Not even the controversies that surrounded the horse could diminish his stature in the eyes of the public. After Turner was fired, replaced by Doug Peterson, his regular rider, Jean Cruguet, also was let go, and the mount was given to Angel Cordero Jr. Then Polston, resigned. Finally, the owners’ partnership was dissolved following a heated court battle.
“People do get divorced,” Sally Hill said. “It certainly wasn’t what any of us wanted. Even with all the controversies, I still thank God for all the wonderful memories. No one can ever take that away from us. All I can think of is what an incredible story it was and how lucky we are to have been a part of it.”
Most people have no idea how close to death Seattle Slew came between his 3-year-old year and 4-year-old year when he was became ill with a severe viral infection.
“I’ve seen other horses with the same thing,” Mickey Taylor said, “and they died within 24 hours. But he had the heart and the fight.”

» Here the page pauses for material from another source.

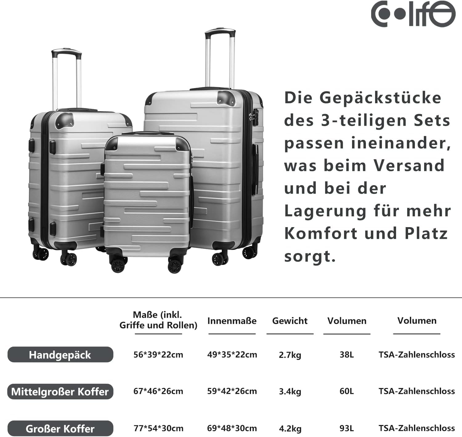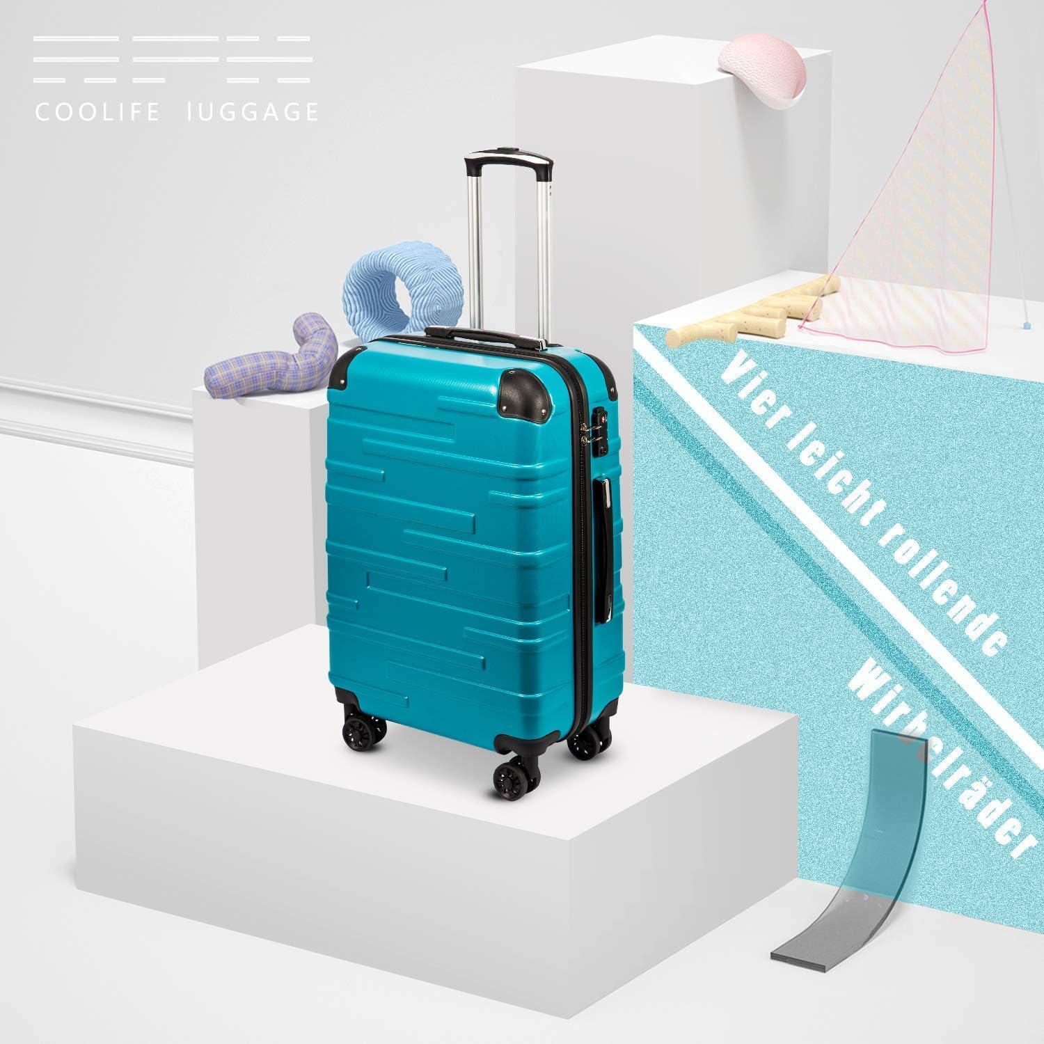 COOLIFE Hartschalen-Koffer Rollkoffer Reisekoffer Vergrößerbares Gepäck (Nur Großer Koffer Erweiterbar) ABS Material mit TSA-Schloss und 4 Rollen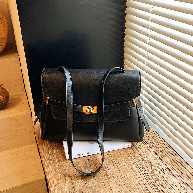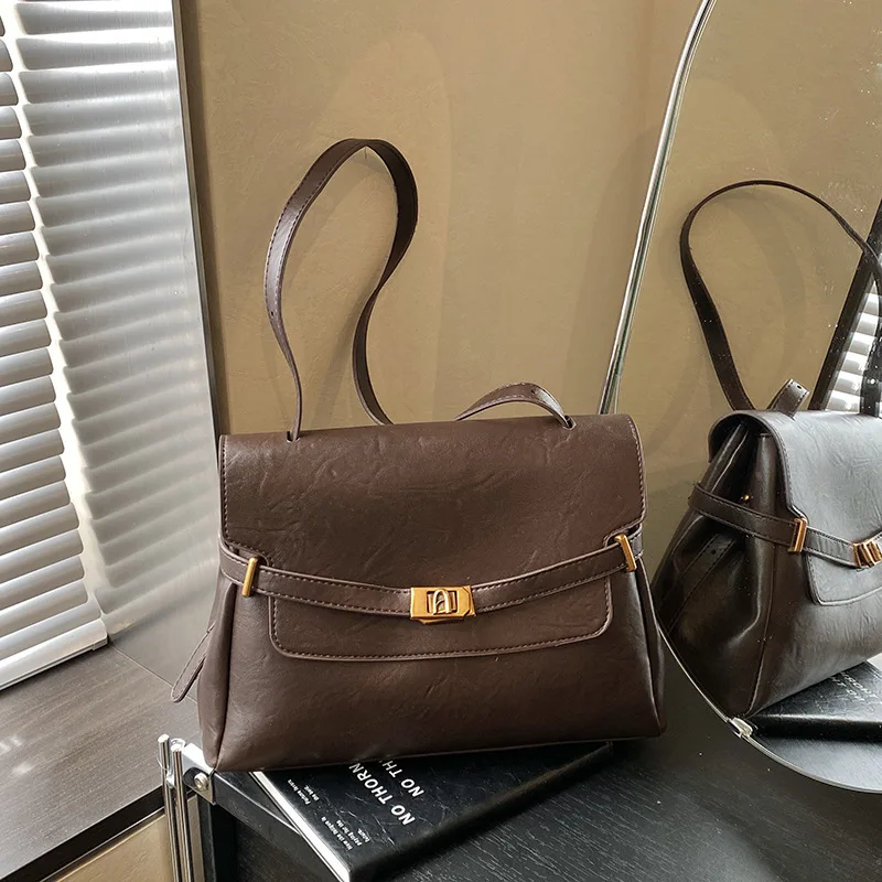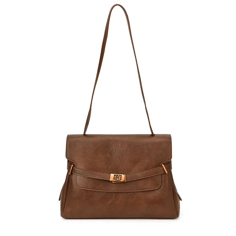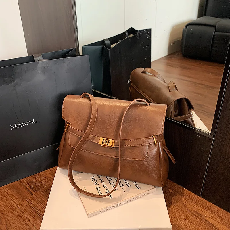 2026 Vintage Large Size Women's Crossbody Shoulder Bag PU Leather Flap Style with Metal Lock Totes

Slew would need every ounce of heart and fight to battle other maladies that plagued him later in life. While at Three Chimneys Farm, he suffered from a severe back problem that required two surgeries and also suffered from arthritis. He eventually was moved to the quieter environment of Hill ‘N’ Dale Farm. Even as his condition began to deteriorate and he had problems keeping his balance, he never stopped fighting. But his youthful spirit finally lost out to the reality of old age.
And so, as Seattle Slew lay in his stall on the anniversary of his Kentucky Derby victory, it was Derby Day 1977 once again. The crowd was cheering. He was bulling his way through horses and running free. The finish line was getting closer. There was no turning back. It was the perfect time to say farewell. It was a good day to die.